Availability Guide for Problem Management

Introduction to Problem Management
Availability Guide for Problem Management125509
1-3
Measuring Outages
Outage Minutes
While the computer industry often measures availability as percentage of total time,
Tandem recommends measuring availability by outage minutes, assuming 24x7x365
operations. Using an outage-minutes-per-year measurement is easy to understand and
provides more meaningful data than percentage numbers. Table 1-1 compares
percentages with equivalent outage minutes and the resulting user impact.

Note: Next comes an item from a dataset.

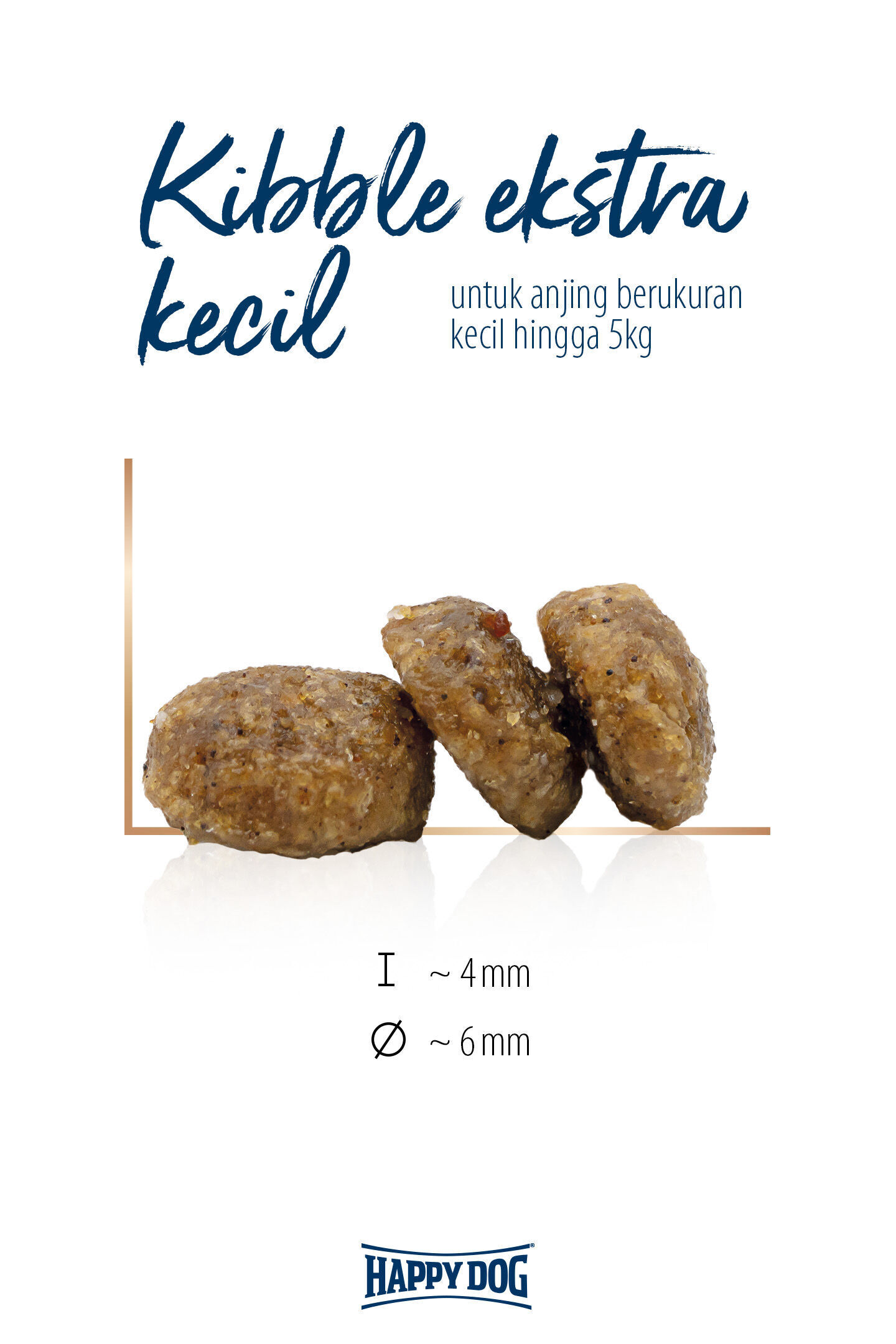 Kibble ekstra kecil ideal untuk anjing yang berukuran sangat kecil hingga yang memiliki berat 5 kg.

Measuring Downtime in Minutes
A couple of decades ago, it was reasonable to assume that a computer system should be
available 75 percent of the time. Today, however, reliability standards have increased
substantially. For example, you might well compare a computer system that is available
99.9 percent of the time with a computer system that is available 99.99 percent of the
time.
Now consider the same two computer systems in terms of outage minutes. The first
system is unavailable for 500 minutes during the year while the other system is
unavailable for only 50 minutes during the same year. These values are more meaningful
in view of the fact that the costs of application downtime are usually measured in cost
per minute.
In addition, measuring downtime in minutes makes it easier to understand the benefits of
automated problem resolution. For example, suppose one of your service-level
objectives is to keep downtime to less than 50 minutes per year. If it takes, on average, 5
minutes to manually correct an outage, then your application can tolerate 10 outages per
year, or an average of about 1 outage every 5 weeks. Given that a fully automated
solution to a problem can be accomplished, typically 20 times faster than a manual
solution of the same problem, it follows that you can tolerate up to 200 outages each
year using fully automated solutions, or about one outage every 1.5 to 2 days and
achieve the same goal.
Measuring Downtime in a Client/Server Application
For client/server types of applications it is useful to take measuring downtime a step
further and express it as the number of user outage minutes. A failure in the client part
of the application might affect only one user, but to that user the application is down. A
failure in part of the network could affect several users. A failure in the server, however,
could affect hundreds of users. It is, therefore, important that an outage in the server be
weighted over an outage in the client.
Table 1-1. Outage Minutes per Year (Assuming 24x7x365 Operations)
Percent
Availability 90% 99% 99.9% 99.99% 99.999% 100%
Outage
Minutes/Year* 50,000 5,000 500 50 5 0
User Impact* 35 days 3.5 days 8.3 hours 50 minutes 5 minutes 0 minutes
*Outage minutes per year and user impact days are approximations.